Targeting microbial replication

Direct inhibition of microbial replication is executed by molecules that interfere with specific steps in the replication cycle of a given microorganism. There are at least six mechanisms of action in this category: restriction factors that directly block a specific replication step; restriction factors that deplete molecules essential for replication; RNA interference (RNAi); antimicrobial peptides; soluble lectins; and metabolite-mediated inhibition of microbial replication (Table 1).

Restrictions factors

Restriction factors are antiviral proteins that target viral replication. Extensive studies, particularly of HIV-1 and herpesviruses[37,38], have led to the identification of numerous restriction factors that together target nearly all steps in the viral replication cycle (Fig. 4a). For example, APOBEC3 proteins belong to the family of cytidine deaminases, which catalyse the deamination of cytidine to uridine in single-stranded DNA, thus introducing potentially deleterious mutations into the HIV-1 genome[39]. Likewise, tetherin is a membrane-bound protein that prevents the release of progeny HIV-1 particles from the cell surface[40]. These two mechanisms provide examples of direct blockade of specific steps in the replication cycle. By contrast, SAM domain and HD domain-containing protein 1 (SAMHD1) blocks HIV-1 replication indirectly, by converting deoxynucleoside triphosphates into inorganic phosphate and 2′-deoxynucleoside, thus depleting essential building blocks for HIV-1 reverse transcription[34,41]. The aforementioned restriction factors work in the plasma membrane or in the cytoplasm. However, many DNA viruses, including herpesviruses, replicate in the nucleus, where they are also targeted by numerous restriction factors. These include nuclear domain 10 bodies (ND10 bodies) and IFNγ-inducible protein 16 (IFI16), which operate by different mechanisms to epigenetically silence viral genomes[35,42]. The herpesvirus DNA rapidly associates with ND10 bodies, which restrict viral gene expression by promoting processes that lead to the formation of nucleosome-like structures[42]. IFI16 restricts viral replication in the nucleus mainly by interfering directly with transcription[35]. New evidence suggests that this involves the ability of IFI16 to form DNA filaments, which reduces recruitment of RNA polymerase II (ref.[43]), but also leads to recruitment of ND10 bodies, thus indicating that these two restriction systems might interact.
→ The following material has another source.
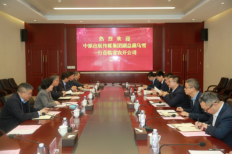 3月10日上午,中原出版传媒集团党委委员、董事、副总裁马雪、财务投资部主任李永州、产业发展部主任李红伟等一行到访公司交流洽谈。公司总经理张淑杰会议前会见了马雪一行,副总经理刘旸、投资管理部经理马志明及相关子公司负责人参加座谈。
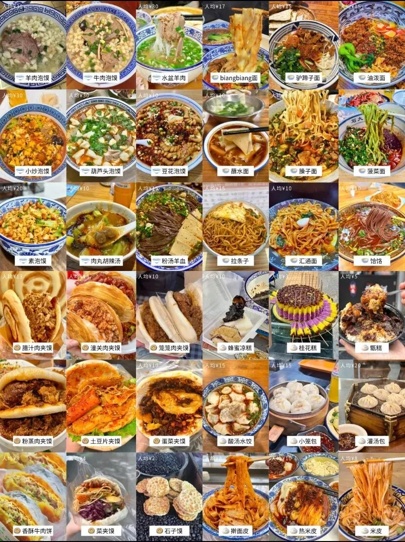 ✅必吃美食:肉夹馍、羊肉泡馍、biangbiang面、甑糕、油泼面

The restriction factors discussed here are all constitutively expressed, although the expression of many of them is further increased by interferons[35,44,45]. Tonic type I interferon signalling or constitutive activity of interferon regulatory factor 1 (IRF1) drives the basal expression of many constitutive restriction factors[8,46,47].

Fig. 4

Constitutive control of microbial replication by restriction factors and autophagy.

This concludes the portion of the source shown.